"I'll ride right up to Nancy Fleet's tomorrow. I'll get to the bottom o' this business. And you keep yer young nose outa my affairs, Jess'my!"

"Oh, I'll do that—gladly. That's easy."

"Just so! Then keep her outa this fella Drew's, too!"

"That's another matter entirely," she told him. "And I may as well add right here, while we're on the subject, that I wish you to keep your nose out of my affairs. There, now—we've ruined our digestions by quarrelling at meal-time. Bolar hasn't, though—I'm glad somebody appreciates my biscuits."

Bolar grinned, and his face grew red. Bolar was deeply in love with his step-sister, four years his senior; but a day in the saddle, with a sharp spring wind in one's face, will scarce permit the tender passion to interfere with a lover's appetite.

Old Adam enveloped himself in his customary brooding silence. He was a holy terror when aroused, and would then spout torrents of words; but ordinarily he was morosely quiet, taciturn. He would not have hesitated to apply his quirt to his twenty-six-year-old son Moffat, as he had threatened to do, had not that young man possessed the wisdom born of experience to refrain from defying him. But with his step-daughter it was different. For some inexplicable reason he "took more sass" from her than from any other person living. Deep down in his scarred old heart, perhaps, there was hidden a deferential respect and fatherly admiration for this breezy, strong-minded girl with whom a strange fortune had placed him in daily contact.

"Please eat your supper, Mr. Selden," Jessamy at last sincerely pleaded, when the old man's frowning abstraction had continued for minutes.

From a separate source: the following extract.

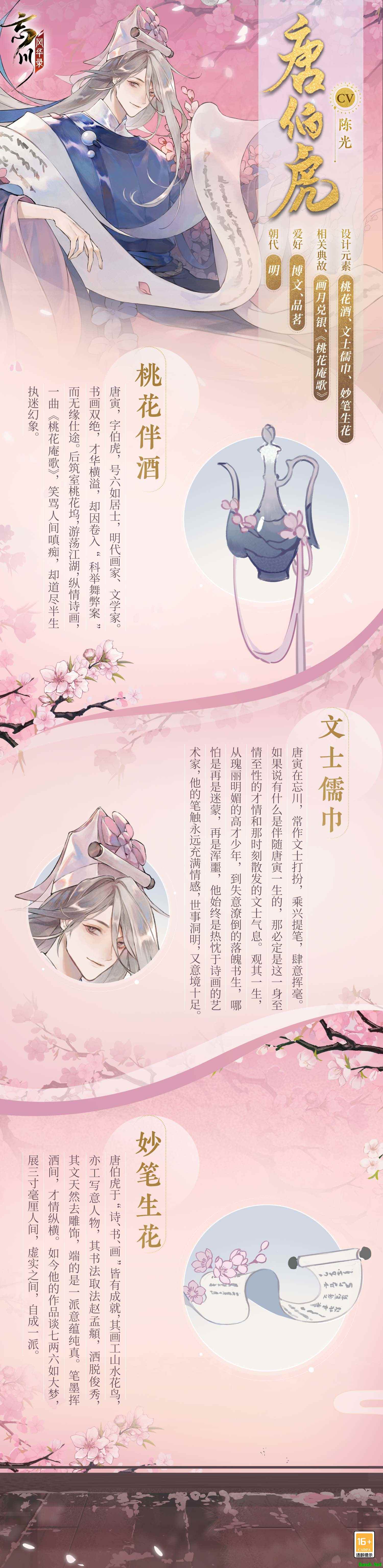 我有桃源,故人万千!《忘川风华录》全新天品名士【唐伯虎】即将入住忘川,全新版本【妙笔生花】即将风华上线!各位玩家“使君”快快下载游戏,与千古名士共居桃源吧!了解更多活动信息,请关注官方自媒体(官方微信公众号、微博@忘川风华录手游)后续新闻。 |

Dutifully, without a word, he scraped his chair closer to the table and fell to noisily. But he did not join in the conversation, which now became general.

It was a custom in the House of Selden for each diner to leave the table when he had finished eating—a custom antedating Jessamy's advent in the family, which she never had been able to correct. Bolar had long since bolted the last morsel of food that his tough young stomach would permit, and had hurried to a half-completed rawhide lariat. Moffat soon followed him out. Then Jessamy's mother arose and left the room. This left together at the table the deliberate eater, Jessamy, and the old man, who had not yet caught up with the time he had given to the letter.

He too finished before the girl, having completed his supper in the same untalkative mood. Now, however, he spoke to her as he pushed back his chair and rose.